### Description of the task
Starting at the line that contains "10 цен на Комплект" and stopping at the line that contains "华盛资讯7月9日讯,跨境电商", restate each line of the records below exactly. Omit the pictures.

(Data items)

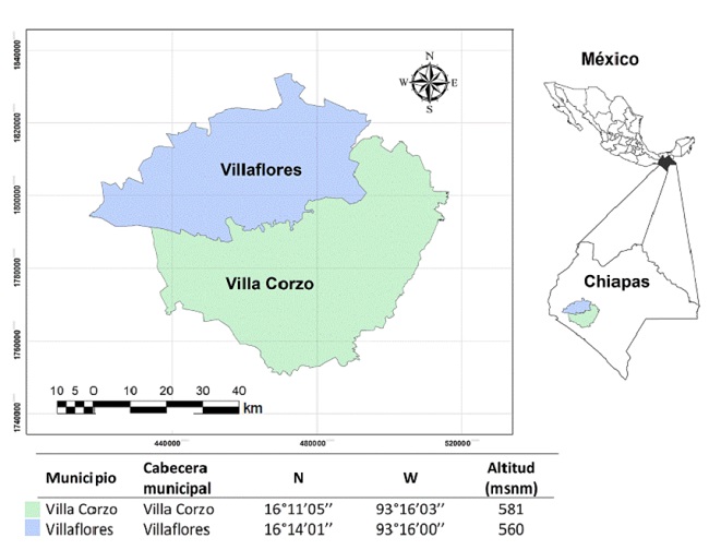 El estudio se realizó en el ciclo agrícola primavera-verano, que comprende los meses de mayo de 2015 a febrero 2016. Abarcó los municipios de Villa Corzo y Villaflores, que forman parte de la región Frailesca de Chiapas, localizada entre la llanura costera del océano Pacífico y la depresión central de Chiapas. La región se caracteriza por su importante actividad agrícola, en especial, su alta producción de maíz; la cual no depende de grandes productores con tecnología avanzada, sino, a nivel de región, como de municipios, predominan los pequeños y medianos productores (Guevara y col., 2013).
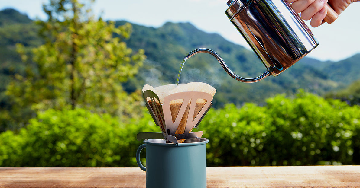 可摺疊收納的三角咖啡濾杯,由轉軸相連的專利設計,使用時只需展開後輕鬆扣上,與濾紙完美的契合,隨處都有咖啡香!
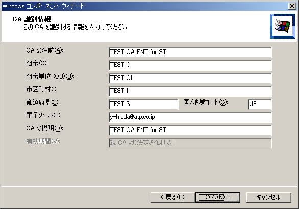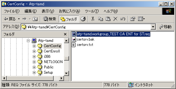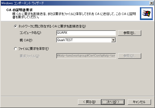 スタンドアロン・ルートCAを親とするエンタープライズ下位CAのインストール
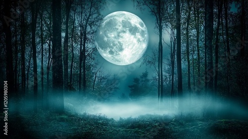 Naklejka premium Mystical Moonlight Illuminates Eerie Forest Scene with Foggy Ground
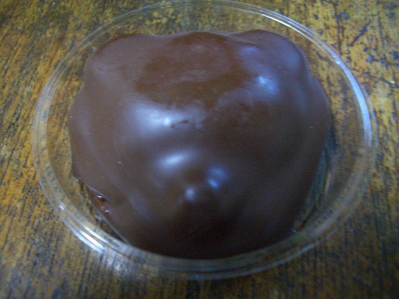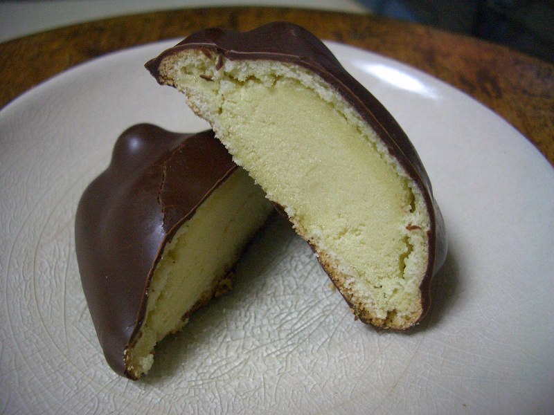 半分に切ってみました。外側のチョコと中のしっとりしたあんがとてもおいしいです。」
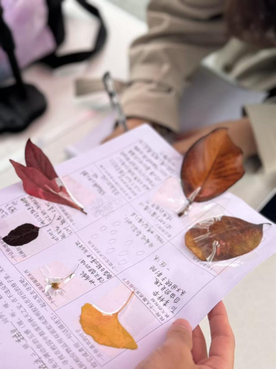 活动现场气氛热烈,同学们积极响应,纷纷带来了自己基于“五感”创作的秋日作品,工作者们有序帮助大家完成作品收集与信息登记工作。本次活动中,同学们创作的作品形式多样、内涵丰富,大家以落叶等自然元素为主要素材,精心捕捉并定格秋日独有的斑斓色彩,将季节之美凝聚在作品中。
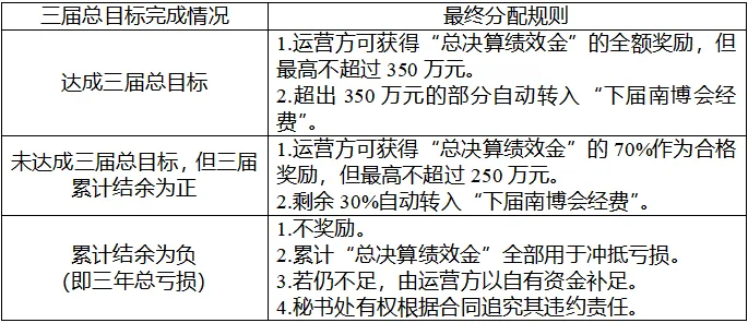 本次合作设定明确的绩效目标,并据此建立动态、分层的收益分配机制。详细规则见附件《第10—12届中国—南亚博览会市场化运营绩效考核评价及收益分配实施方案》,概要如下:
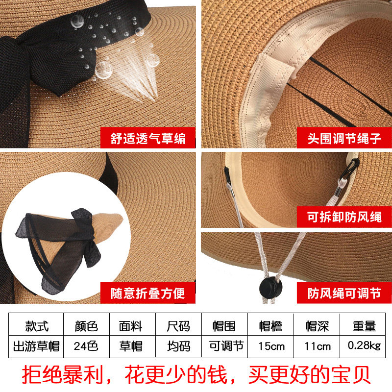 超大草帽女款夏季防晒沙滩帽子太阳帽海边度假可折叠帽檐新款遮阳
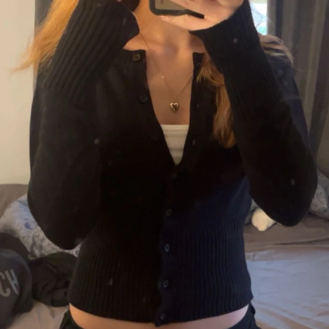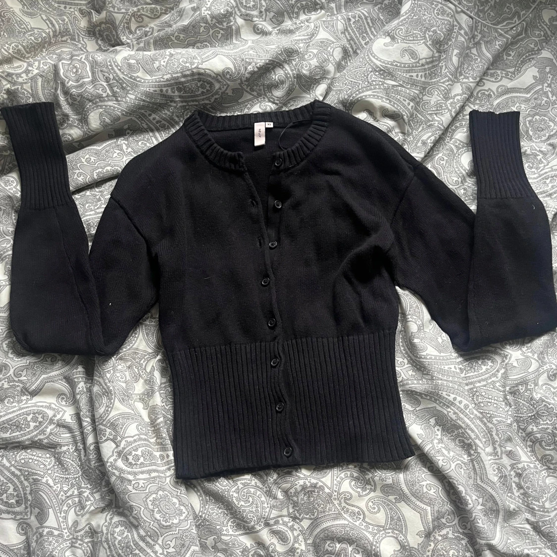 Säljer en stilren svart kofta med knappar framtill. Koftan har långa ärmar och ribbade detaljer vid ärmslut och nederkant. Perfekt för en enkel och snygg look.💕💕
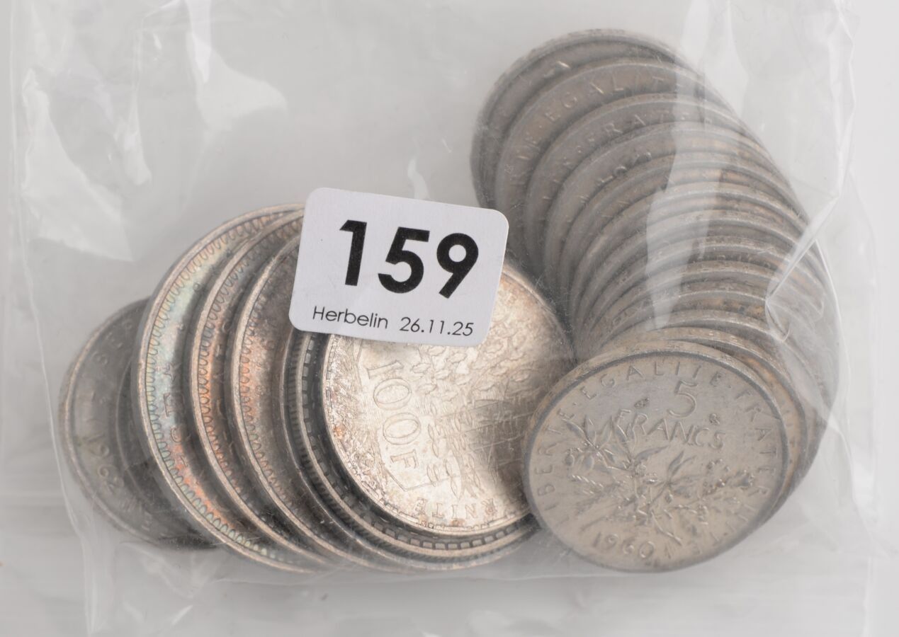 Lot of silver coins comprising: three 50-franc Hercules coins, one 10-franc Hercules coin, one 20-franc pendant coin, one 100-franc Pantheon coin, sixteen 5-franc coins and one 2-franc 1928 Swiss coin.
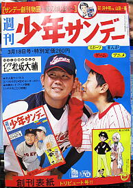 【3月4日】 駅に寄るとそこだけ空間が昭和30年代になったような空気が漂い流れていたのに目を見張り、キオスクに近寄ると何と「少年サンデー」の古書が売っていた、じゃなくってまっさらの最新号なんだけれども、創刊号の表紙に使われていた長嶋茂雄が子どもから耳打ちされているポーズがそのまま松阪大輔に置き換えられた表紙になっていて、遠目に見れば区別がつかず今日はサンデー、入らなかったのかって思ってしまう人も出ちゃいそう。それはないか。
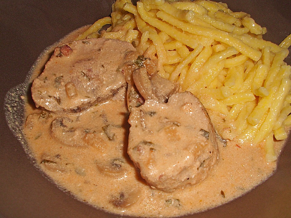 Schweinefilet in Pilz-Sahnesauce. Beilage: Tagliatelle mit Sauce.
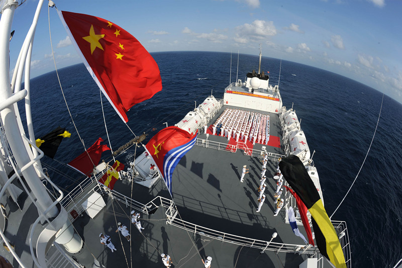 10月1日,中國海軍和平方舟醫院船在阿拉弗拉海域舉行隆重的升旗儀式,慶祝中華人民共和國成立66周年。江山 攝
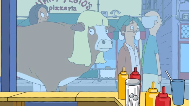 Bob is furious when a documentary filmmaker tries to makes a statement by placing a live cow outside the restaurant.
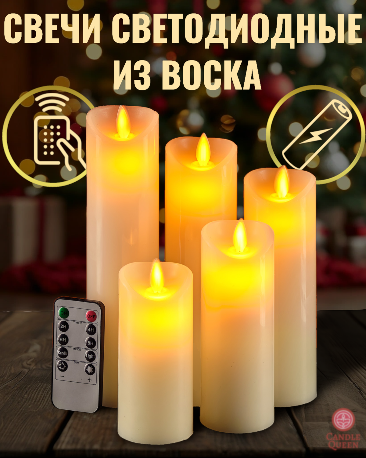 10 цен на Комплект из 5 светодиодных восковых LED свечей с пультом управления на батарейках R5S19MT022
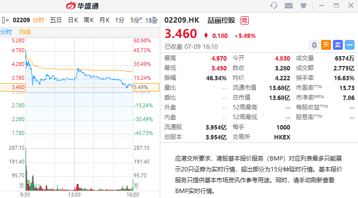 华盛资讯7月9日讯,跨境电商平台-YesAsia母公司喆丽控股(02209.HK)盘中一度涨逾45%,首挂收涨5.49%,一手账面浮盈180港币,全日成交额2.77亿港币,最新总市值13.68亿港元。
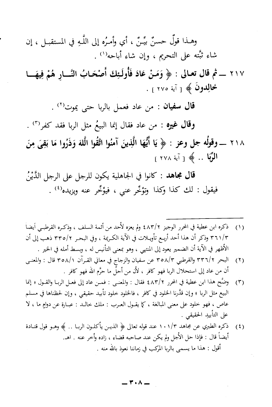 وهذا قول حسن بين أي وأمره الى الله في المستقبل ان شاء ثبته على التحريم وان شاء اباحه 217 - ثم قال تعالى ومن عاد فأولئك أصحاب النار هم فيها خالدون قال سفيان من عاد فعمل بالربا حتى يموت وقال غيره من عاد فقال انما البيع مثل الربا فقد كفر 218 - وقوله جل وعز يا ايها الذين امنوا اتقوا الله وذروا ما بقى من الربا قال مجاهد كانوا في الجاهلية يكون للرجل على الرجل الدين
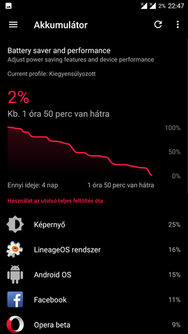 (Crdroid 3.8.5. gyári kernellel pár mókolással, 3-4 nap készenlét, 2 sim kártya, kikakapcsolt képernyő mellett nincs engedélyezve adatkapcsolat. 24 óra bluetooth mibanddal, 4-5 óra mobilnet utazás alatt, a többi otthon wifivel. Kevés telefonálás, játék semmi, böngészés, írogatás)Eddig 3g kártyát használtam, eddig kb 10-11,5 óra sot volt a jellemző, merülés készenlétben (tehát nincs adatkapcsolat engedve) 1-2-3% / éjjel.
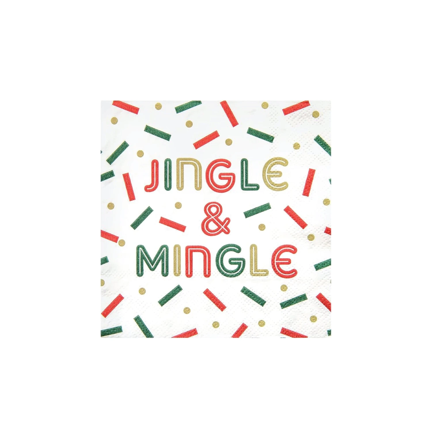 Spice up your holiday Christmas party with these Jingle & Mingle Dessert Napkins! These small paper napkins feature confetti in red and green, gold dots, and “jingle & mingle” written in red, green, and gold script on a white background. Set a stack of these beverage napkins on the dessert table so guests can grab some with their drinks and snacks. With a pack of 20, you’ll have enough for all your guests to mingle and enjoy their jingle!
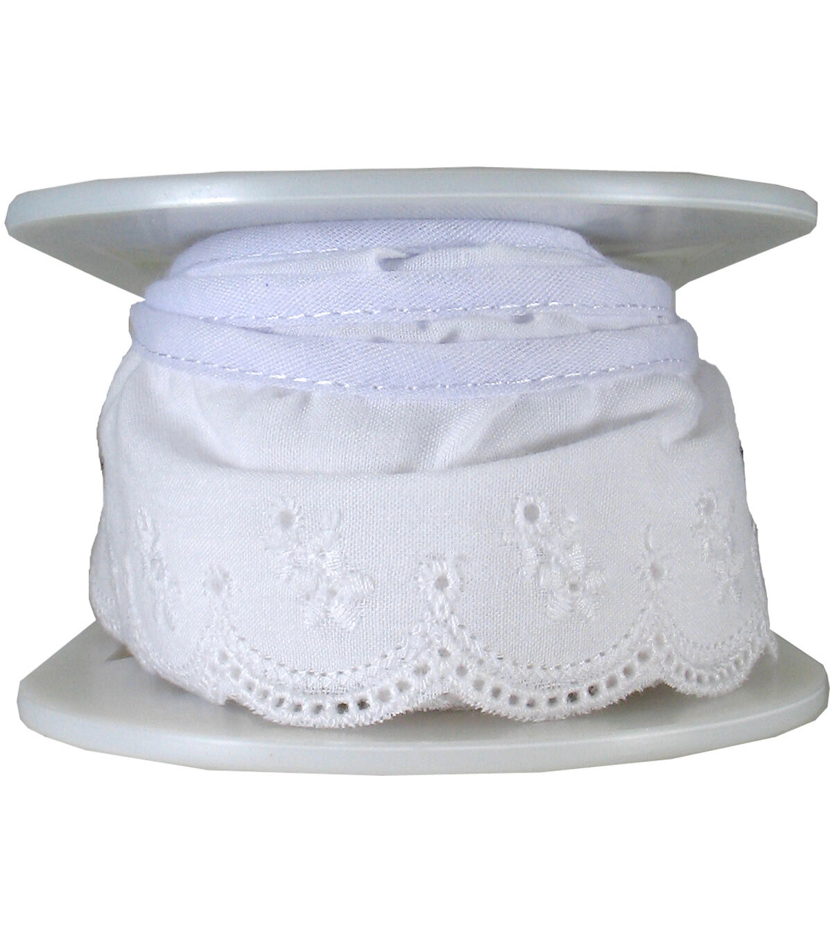 Decorating your fabric creations will be fun with the Simplicity Daisy Trim-White. You can use it to embellish your handmade totes, wallets, apparel, lampshades, cushion pillows and more.
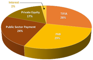 | The financing package for the Capital Beltway HOT Lanes included $348.7 million in at-risk shareholder equity provided by Capital Beltway Express. In addition, the company secured a $588.9 million loan from the U.S. Department of Transportation's (USDOT) Transportation Infrastructure Finance and Innovation Act (TIFIA) credit program. This program lends money to projects of national significance at low interest levels available only to the U.S. government. In addition, the company received approval from USDOT to raise $589.0 million by selling tax-exempt Private Activity Bonds (PABs). The Commonwealth of Virginia issued the PABs on behalf of Capital Beltway Express. The TIFIA loan and PABs reduced the concession company's financing costs and will be repaid with project revenues during the 75-year concession period. VDOT also contributed $495 million in public funding. This was an increase above the $409 million it agreed to contribute in 2007, due to scope addtions. VDOT's contribution is a subsidy and will not be repaid. | I-495 Capital Betway HOT Lanes

### Result of this task
 10 цен на Комплект из 5 светодиодных восковых LED свечей с пультом управления на батарейках R5S19MT022
 华盛资讯7月9日讯,跨境电商平台-YesAsia母公司喆丽控股(02209.HK)盘中一度涨逾45%,首挂收涨5.49%,一手账面浮盈180港币,全日成交额2.77亿港币,最新总市值13.68亿港元。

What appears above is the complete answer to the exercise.